Tesla has shrugged off the global chip shortage to notch up quarterly profits of more than $1bn for the first time.
The electric car maker led by Elon Musk said it achieved the milestone despite supply chain challenges as it “worked extremely hard to keep production running as close to full capacity as possible”.
It also set aside $176m to reflect a “probable” pay-out to Mr Musk under the terms of a stock-based compensation award for the chief executive linked to its operational performance.
Revenues for the April-June period nearly doubled to $11.96bn compared with a period last year when its US factory was shut down for several weeks under COVD-19 lockdown measures.
The revenue figure beat Wall Street expectations and follows record deliveries of more than 200,000 units during the quarter, thanks to its cheaper Model 3 and Model Y vehicles.

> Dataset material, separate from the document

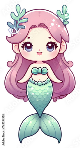 © julimur, Fototapeta premium Magical Mermaid Sticker. Adorable Mermaid Illustration
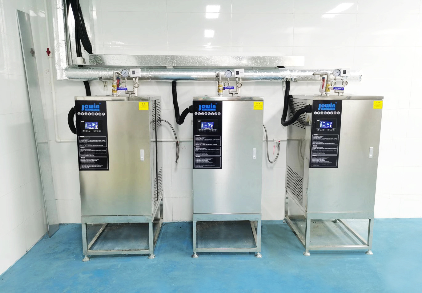 蒸汽量:25~100kg/h 尺寸:600*600*1050mm 蒸汽壓力:0.7MPa壓力保護,大顯示屏,三檔電熱可調,自動進水,體積小,安裝方便,無噪音,節能環保,可單臺或多臺并聯安裝,蒸汽發量大

Tesla’s bottom-line profit of $1.14bn was more than ten times higher than in the second quarter a year ago and comes only months after the company reported its first ever annual profit.
The results were also notable because the company has in the past relied on regulatory credits – which it is able to sell to less environmentally-friendly car makers – to break even and turn a profit.

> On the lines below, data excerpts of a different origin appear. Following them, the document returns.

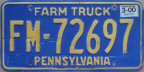These blue-on-yellow plates were introduced about half a year after the corresponding Keystone State passenger car plates, and were issued starting in October 1977 to about early 1984 or so. It's entirely possible that apportioned and farm truck plates continued to be issued on this base beyond 1984. All of these could then be renewed through 2000 expiration dates. The state name was stamped at the top, between sticker wells located in the upper corners. Once again, several types of truck plates were issued; the specific plate type was stamped at the bottom of the plate.
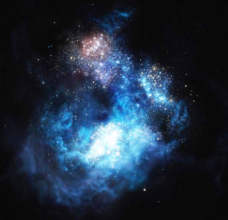 Astronomers using several of the largest telescopes on Earth and space have discovered the brightest galaxy yet found in the early Universe and have strong evidence that examples of the first generation of stars lurk within it. Astronomers have long theorized the existence of a first generation of stars known as Population III stars that were born out of the primordial material from the Big Bang. All the heavier chemical elements essential to life - including oxygen, nitrogen, carbon and iron - were forged in the bellies of stars. This means the first stars must have formed out of the only elements to exist prior to stars: hydrogen, helium and trace amounts of lithium.
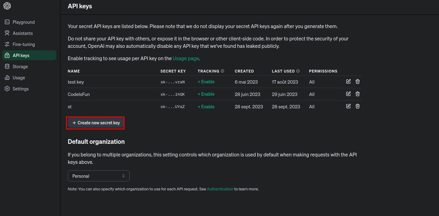 Cliquez sur "Create new secret key". J'ai nommé la mienne open interpreter.
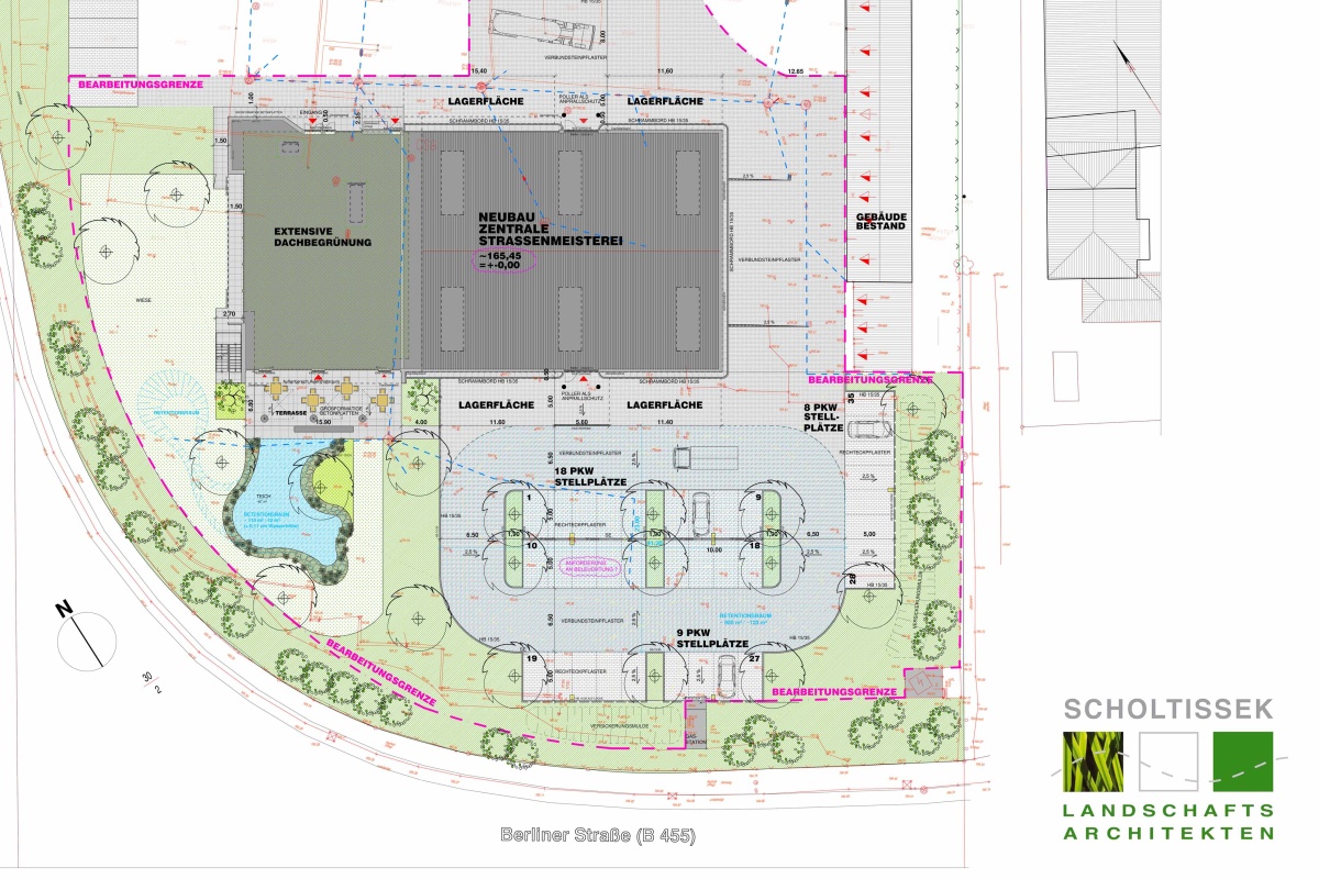 - MÖBELKONZERN NEUBAUPROJEKTE / PARKPLATZ -+ GRÜNGESTALTUNG / WORKSHOP

This time even without that sum, of $354m, Tesla would still have been comfortably in the black.
The company also took a $23m hit on the fall in Bitcoin prices – after earlier this year revealing a $1.5bn investment in the cryptocurrency.

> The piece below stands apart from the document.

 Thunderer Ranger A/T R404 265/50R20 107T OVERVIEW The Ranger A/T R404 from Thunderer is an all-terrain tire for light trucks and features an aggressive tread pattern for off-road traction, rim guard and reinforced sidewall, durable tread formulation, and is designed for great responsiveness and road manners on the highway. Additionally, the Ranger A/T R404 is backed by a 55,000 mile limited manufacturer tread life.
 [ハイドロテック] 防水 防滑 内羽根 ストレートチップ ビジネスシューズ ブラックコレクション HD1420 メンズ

Tesla said: “Supply chain challenges, in particular global semiconductor shortages and port congestion, continued to be present in Q2.
“The Tesla team, including supply chain, software development and our factories, worked extremely hard to keep production running as close to full capacity as possible.
“With global vehicle demand at record levels, component supply will have a strong influence on the rate of our delivery growth for the rest of this year.
“Public sentiment and support for electric vehicles seems to be at a never-before-seen inflection point.
“We continue to work hard to drive down costs and increase our rate of production to make electric vehicles accessible to as many people as possible.”
The results came hours after Britain’s biggest carmaker Jaguar Land Rover said the chip shortage saw it produce 30,000 fewer vehicles than planned, helping it tumble to a £110m loss during the latest quarter and warned of even further constraints in coming months.